### WHAT TO PRODUCE
Reproduce the listing word for word, leaving every picture behind.

--- START ---

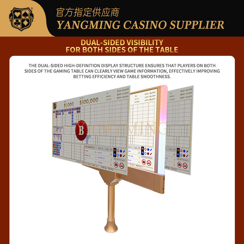 Display del casinòIl dispositivo è dotato di illuminazione a LED luminosa e di un design sottile e moderno, che garantisce una visibilità chiara da entrambi i lati deltabellaIdeale per il Baccarat e altri giochi da tavolo, supporta contenuti personalizzabili.display multilingue, e il marchio del logo per migliorare l'efficienza della gestione del gioco e la presentazione complessiva del casinò.
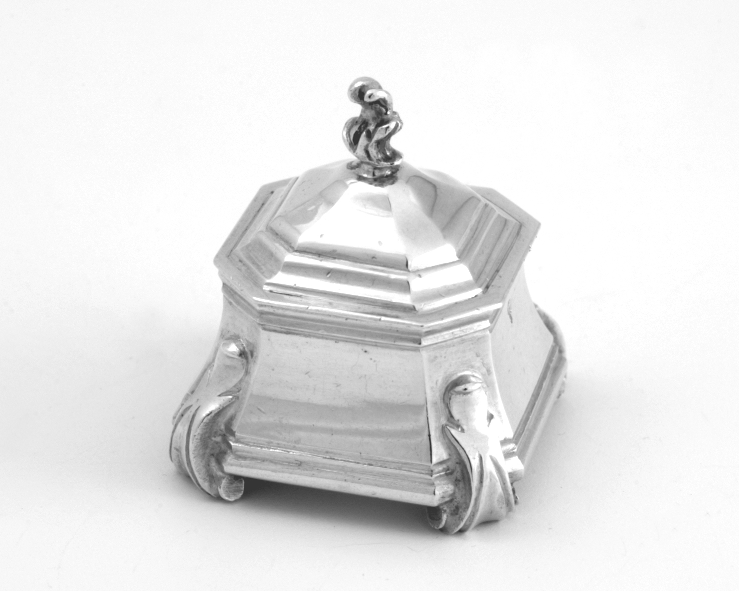 Vierkante tabakspot met afgeschuinde hoeken waarop de vier omgeslagen bladvormige pootjes; gladde ingesnoerde wand met boven en onder een ribprofiel, oversluitend gewelfd en geprofileerd deksel, bekroond met rocaille knop.
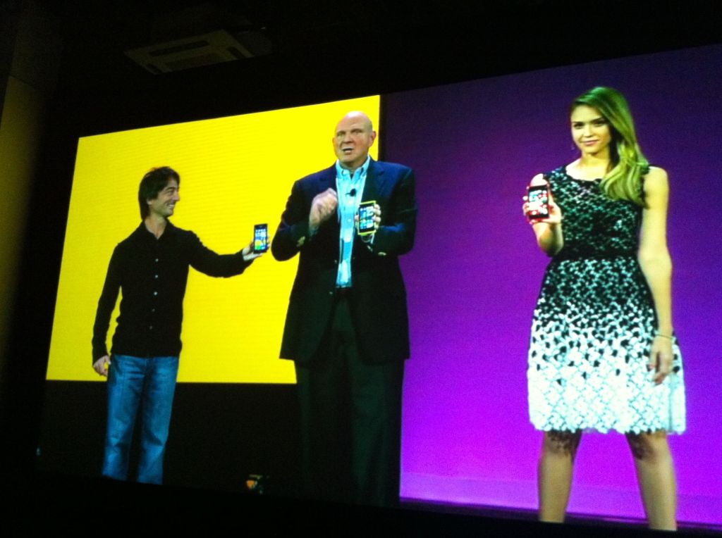 At Windows Phone 8 launch event yesterday, Ballmer took the stage to talk up the new platform, telling the assembled press throng: “People all over the world are going to fall in love with Windows Phone” — and demonstrating how his phone could never be mistaken for model Jessica Alba’s.
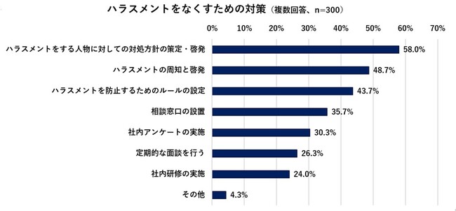 ではハラスメントをなくすために、会社側は何をすべきなのでしょうか。その対策方法を聞いたところ、「ハラスメントをする人物に対しての対処方針の策定・啓発」が58.0%、「ハラスメントの周知と啓発」が48.7%、「ハラスメントを防止するためのルールの設定」が43.7%と続きました。
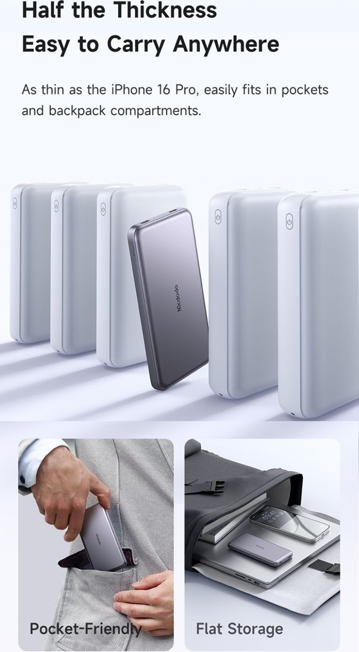 پاور بانک آلومینیومی مک دودو مدل MC-378 مجهز به انواع فناوریهای شارژ سریع است که امکان شارژ در کوتاهترین زمان ممکن را برای شما به ارمغان میآورد. با پشتیبانی از شارژ سریع PD 20W با پورت Type-C به شما این امکان را میدهد تا تنها در عرض 30 دقیقه، بتوانید آیفون 16 و هوآوی Honor 20S را تا %50 شارژ نمایید.

--- END ---

### ANSWER AREA
 Display del casinòIl dispositivo è dotato di illuminazione a LED luminosa e di un design sottile e moderno, che garantisce una visibilità chiara da entrambi i lati deltabellaIdeale per il Baccarat e altri giochi da tavolo, supporta contenuti personalizzabili.display multilingue, e il marchio del logo per migliorare l'efficienza della gestione del gioco e la presentazione complessiva del casinò.
 Vierkante tabakspot met afgeschuinde hoeken waarop de vier omgeslagen bladvormige pootjes; gladde ingesnoerde wand met boven en onder een ribprofiel, oversluitend gewelfd en geprofileerd deksel, bekroond met rocaille knop.
 At Windows Phone 8 launch event yesterday, Ballmer took the stage to talk up the new platform, telling the assembled press throng: “People all over the world are going to fall in love with Windows Phone” — and demonstrating how his phone could never be mistaken for model Jessica Alba’s.
 ではハラスメントをなくすために、会社側は何をすべきなのでしょうか。その対策方法を聞いたところ、「ハラスメントをする人物に対しての対処方針の策定・啓発」が58.0%、「ハラスメントの周知と啓発」が48.7%、「ハラスメントを防止するためのルールの設定」が43.7%と続きました。
 پاور بانک آلومینیومی مک دودو مدل MC-378 مجهز به انواع فناوریهای شارژ سریع است که امکان شارژ در کوتاهترین زمان ممکن را برای شما به ارمغان میآورد. با پشتیبانی از شارژ سریع PD 20W با پورت Type-C به شما این امکان را میدهد تا تنها در عرض 30 دقیقه، بتوانید آیفون 16 و هوآوی Honor 20S را تا %50 شارژ نمایید.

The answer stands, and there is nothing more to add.